Let's take that T3 example. If a user starts by writing their software to Cloud A, the description field is there. They are going to assume that's just part of the base API. They then connect their software to Cloud B, and all is fine. But, when later in the week they point it at Cloud C, the API has magically "removed" attributes. Removing attributes in the server is never considered safe.

This might blow up immediately, or it might just carry a null value that fails very late in the processing of the data.

REST_API_MV-8

The lesson here is that the assumed good enough rules don't account for a different team developing software than deploying it. Sure, you say, that's not good Dev Ops, of course it's not supported. But be careful with what you are saying there, because we deploy software we don't develop all the time, 3rd party open source. And if you've come down firmly that open source is not part of Dev Ops, I think a lot of people would look at you a bit funny.

REST_API_MV-9

I'm responsible for two names that took off in OpenStack, one is Microversions. Like any name that catches on you regret it later because it misses the important subtlety of what is going on. Don't ask me to name things.

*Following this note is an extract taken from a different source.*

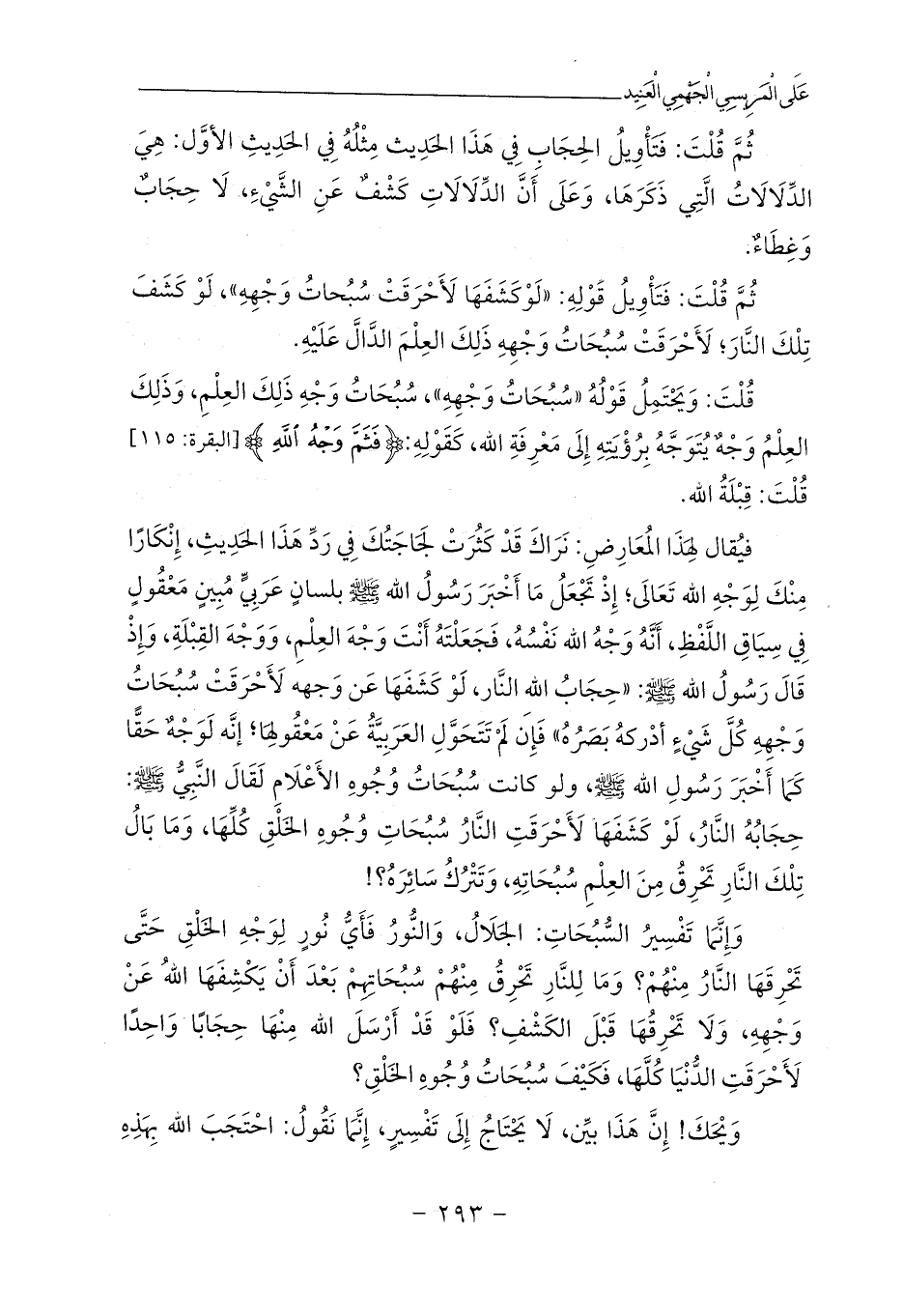 فيُقال لِهَذَا المُعَارِضِ: نَرَاكَ قَدْ كَثُرَتْ لَجَاجَتُكَ فِي رَدِّ هَذَا الحَدِيثِ، إِنْكَارًا مِنْكَ لِوَجْهِ الله تَعَالَى؛ إِذْ تَجْعَلُ مَا أَخْبَرَ رَسُولُ الله - صلى الله عليه وسلم - بلسانٍ عَرَبِيٍّ مُبِينٍ مَعْقُولٍ فِي سِيَاقِ اللَّفْظِ، أَنَّهُ وَجْهُ الله نَفْسُهُ، فَجَعَلْتَهُ أَنْتَ وَجْهَ العِلْمِ، وَوَجْهَ القِبْلَةِ، وَإِذْ قَالَ رَسُولُ الله - صلى الله عليه وسلم -: «حِجَابُ اللهِ النَّار، لَوْ كَشَفَهَا عَن وَجهه لَأَحْرَقَتْ سُبُحَاتُ وَجْهِهِ كُلَّ شَيْءٍ أدْركهُ بَصَرُهُ» فَإِن لَمْ تَتَحَوَّلِ العَرَبِيَّةُ عَنْ مَعْقُولِهَا؛ إنَّه لَوَجْهٌ حَقًّا كَمَا أَخْبَرَ رَسُولِ الله - صلى الله عليه وسلم -، ولو كانت سُبُحَاتُ وُجُوهِ الأَعْلَامِ لَقَالَ النَّبِيُّ - صلى الله عليه وسلم -: حِجَابُهُ النَّارُ، لَوْ كَشَفَهَا لَأَحْرَقَتِ النَّارُ سُبُحَاتِ وُجُوهِ الخَلْقِ كُلِّهَا، وَمَا بَالُ تِلْكَ النَّارِ تَحْرِقُ مِنَ العِلْمِ سُبُحَاتِهِ، وَتَتْرُكُ سَائِرَهُ؟!

But besides the name, what are microversions?

REST_API_MV-10

Let's look at that example again, if we experience the world at time T3, with Clouds A, B, and C, the real issue is that hitting Cloud C appears to make time "go backwards". We've gone back in time and experienced the software at a much earlier version. How do we avoid going backwards?

REST_API_MV-11

We introduce a header for the "microversion" we want. If we don't pass one, we get the minimum version the server supports. Everything after that we have to opt into. If we ask for a microversion the server doesn't support we get a hard 400 fail on the request. This lets us fail early, which is more developer friendly than giving back unexpected data which might corrupt things much later in the system.

REST_API_MV-12

Roughly, microversions are inspired by HTTP content negotiation, where you can ask for different types of content from the same url, and the server will give you the best it can (you define "best" with a quality value). Because most developers implementing REST clients aren't deeply knowledgeable about HTTP low level details, we went for simplicity and did this with a dedicated header. For simplicity we also make this a globally incrementing value across all resources, instead of per resource. We wanted there to be no confusion what version 2.5 was.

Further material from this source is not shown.